Hamman grew strong lifting large pallets of produce for his father's fruit market. During high school, he had broken several teenage records. He trained as a powerlifter after high school, but after seeing the 1996 Summer Olympics, he decided to switch his career to Olympic-style weightlifting.

==Olympic weightlifting/Powerlifting==
Shane began his career as a powerlifter, competing for the International Powerlifting Federation. He competed in the IPF World Championships in 1994 & 1995, finished third and second respectively.
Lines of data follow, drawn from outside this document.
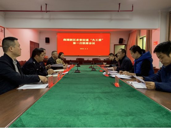 4月4日下午,南湖新区求索街道“大工委”第一次联席会议召开,进一步探索党建引领基层社会治理的新路径,推动以党建引领赋能经济社会高质量发展。街道党工委全体成员、区税务局副局长王朝辉、南湖派出所教导员孙霄参加。
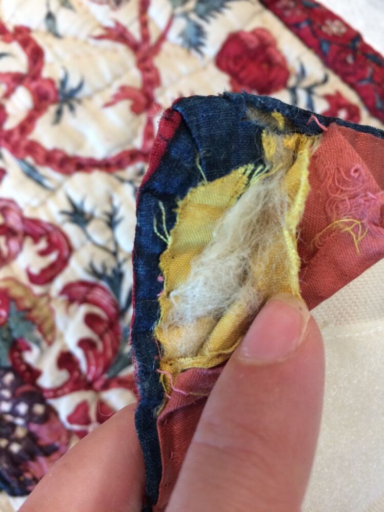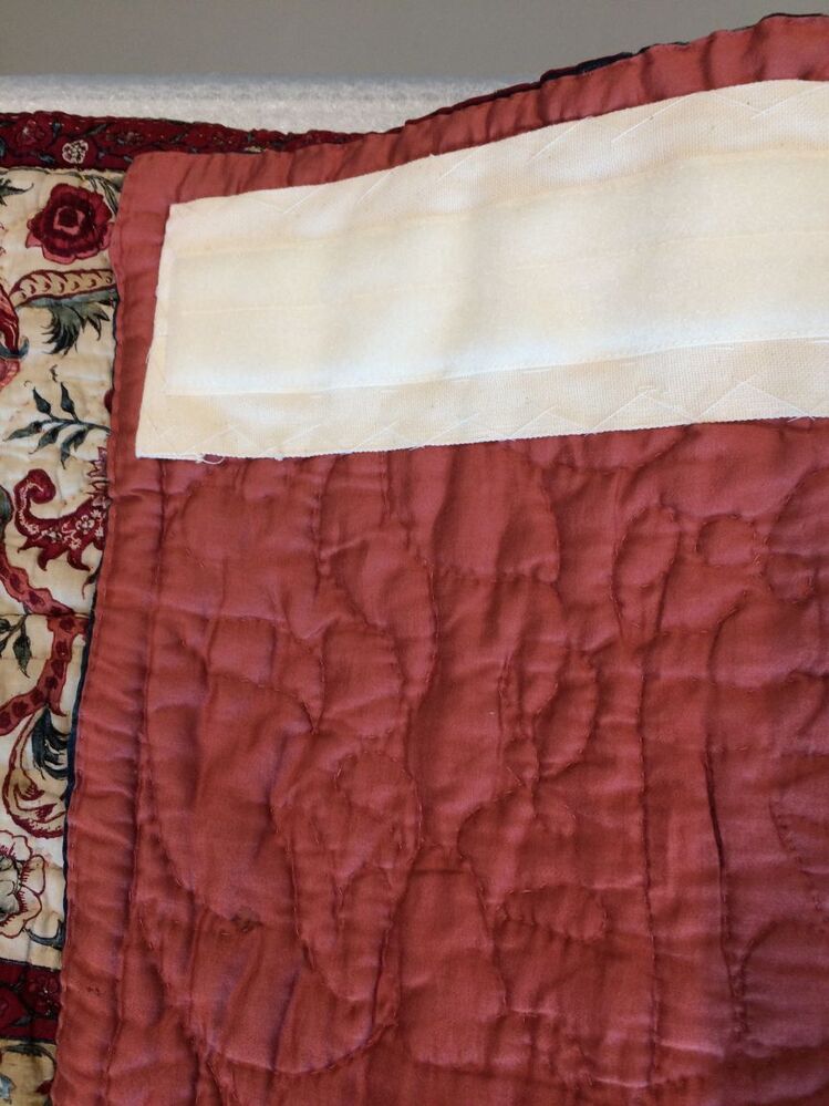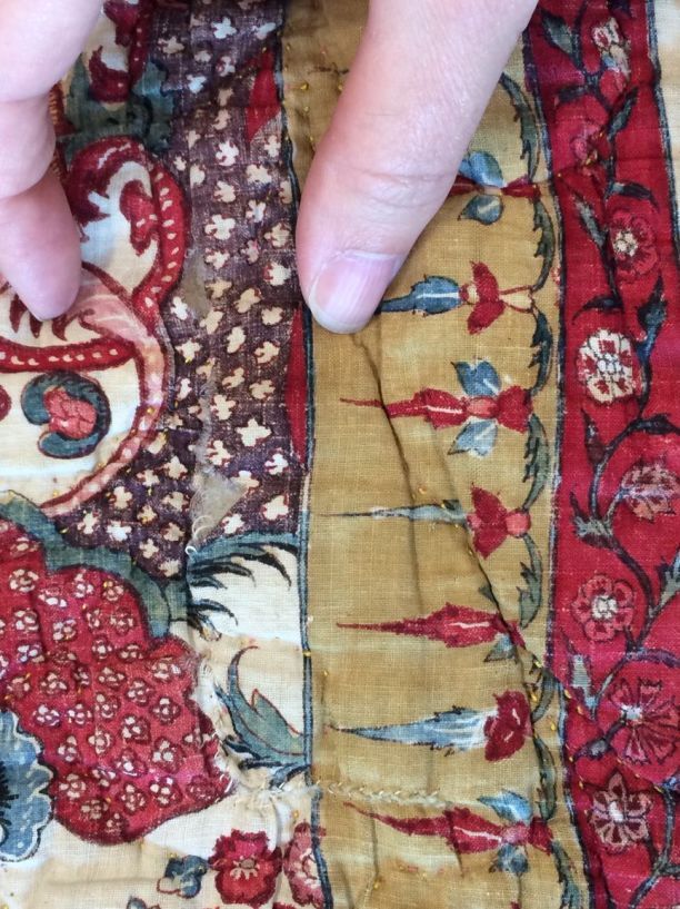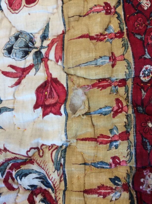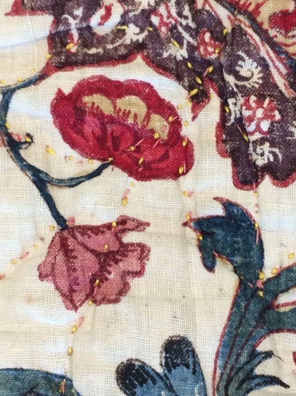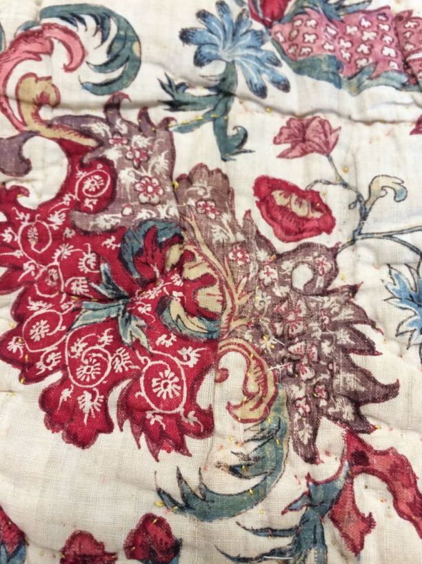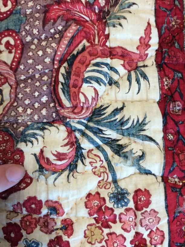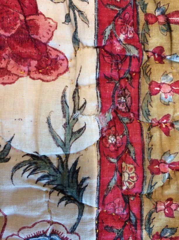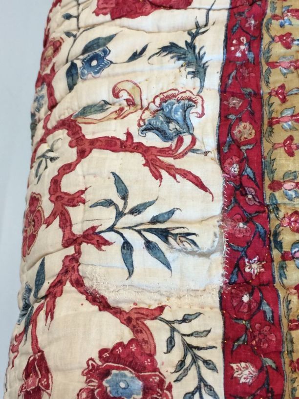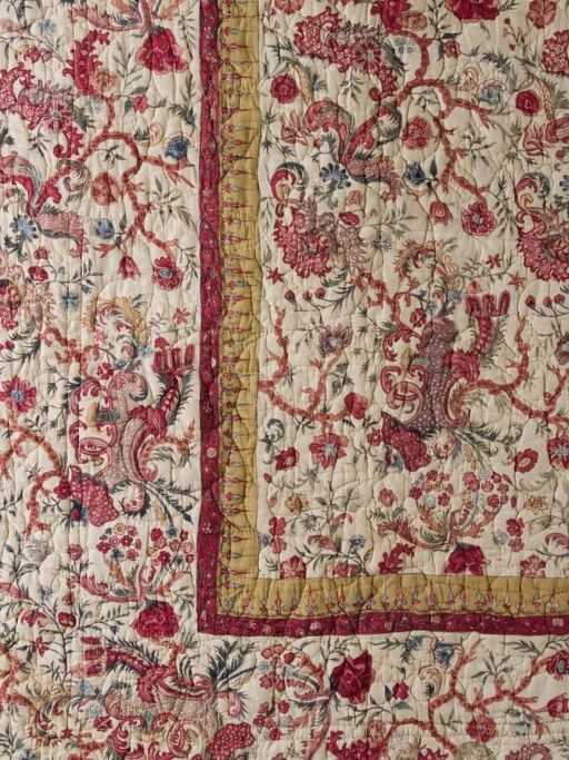 Sitsen deken waarvan middenveld en rand met dezelfde asymmetrische vormen waaruit diverse bloemranken ontspruiten, op witte grond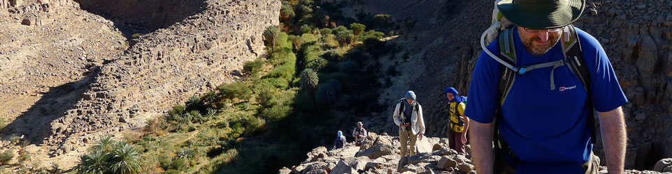 Next day we tried to climb Tazat mountain (2165m), but things got as complicated as they looked near the summit, so we satisfied ourselves with some low-angled shots that looked as good. Far below, ribbons of oueds rolled off towards the hazy horizon and the portly Tojo was but a speck. A smashing picture Nimbus took out there turned out to be the cover of the blue edition of Sahara Overland.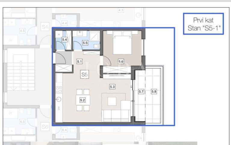K prodeji je jednopokojový byt v prvním patře nové, moderní městské vily.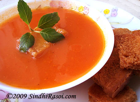 The recipe of this wonderful Tomato soup is highly inspired by Mansi’s Restaurant style tomato soup. Ingredients: Tomatoes (red and ripe) 6-8 ( I used 7 medium sized as seen in pic) Onion 1, finely chopped 3 cloves 3 -4 black pepper corns 1 Kamaal Patt (Tej Patta) 5 cloves of garlic 1/2 inch of dalchini or even less (optional if you don’t have it) 1-2 tsp of butter or more Salt as per taste Red chili powder less than 1/4 tsp (or adjust as per your taste but always add red chili powder after whole soup is ready)…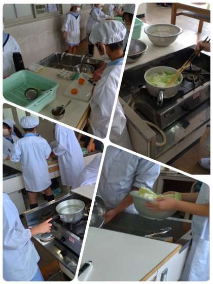 初めての調理実習でしたが、説明をしっかりと聞いてグループのみんなで協力することができていました。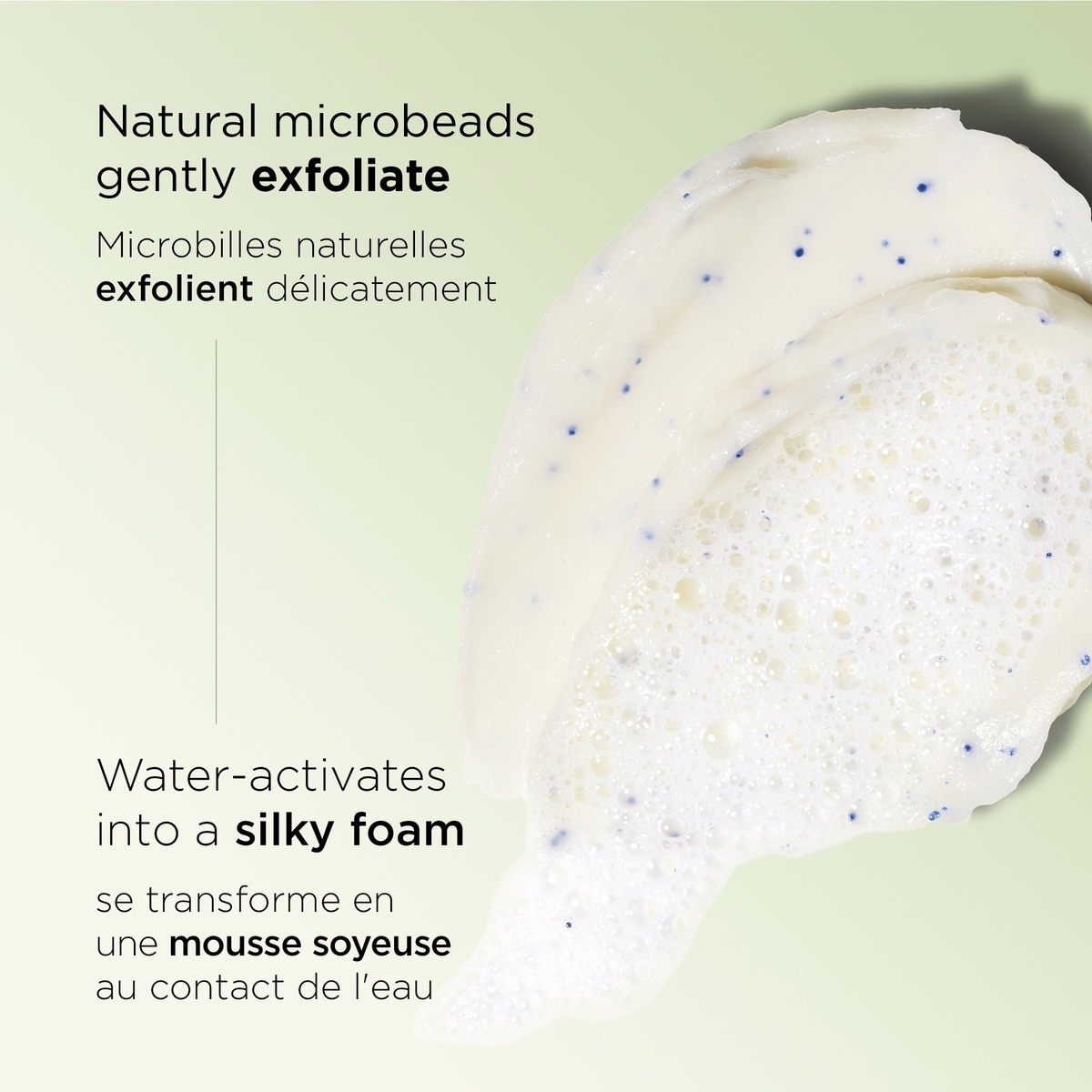 - Des micro-billes botaniques transforment la texture en une mousse légère et agréable pour un nettoyage en douceur.

His greatest equipped squat was 457.5 kg at the USPF National Championships on March 9, 1996, which stood as the world record until Andrey Konovalov squatted 460 kg on November 4, 2012.

Hamman is sometimes called the strongest man in America. He won all 9 American Senior National Championship that he competed in (1997-2005). He holds every American weightlifting record in his class.

He competed in the 2000 Summer Olympics and finished 10th. In the qualifying for the Olympics, during the 2003 World Championships, on his final lift he single-handedly secured three spots for athletes from the U.S. in the 2004 Summer Olympics. In the Olympics, he finished 7th in his weight category, setting a new American record with his total of 430 kg and his clean and jerk of 237.5 kg.

Aside from his weightlifting prowess, Hamman also plays basketball and golf. Despite his 350 lb frame, he can hit a golf ball 350 yd, do a standing back flip, and leap vertically three feet (0.9 m).

Hamman has retired from Olympic weightlifting, and sometimes appears as an announcer in events like the Olympics in 2008 and 2016 for NBC.

Hamman is now focusing on helping others. He gives speeches at various high schools about his career and what it took to get Olympian status. Hamman also visits high schools to promote "Rachel's Challenge", a program for which he is a spokesperson.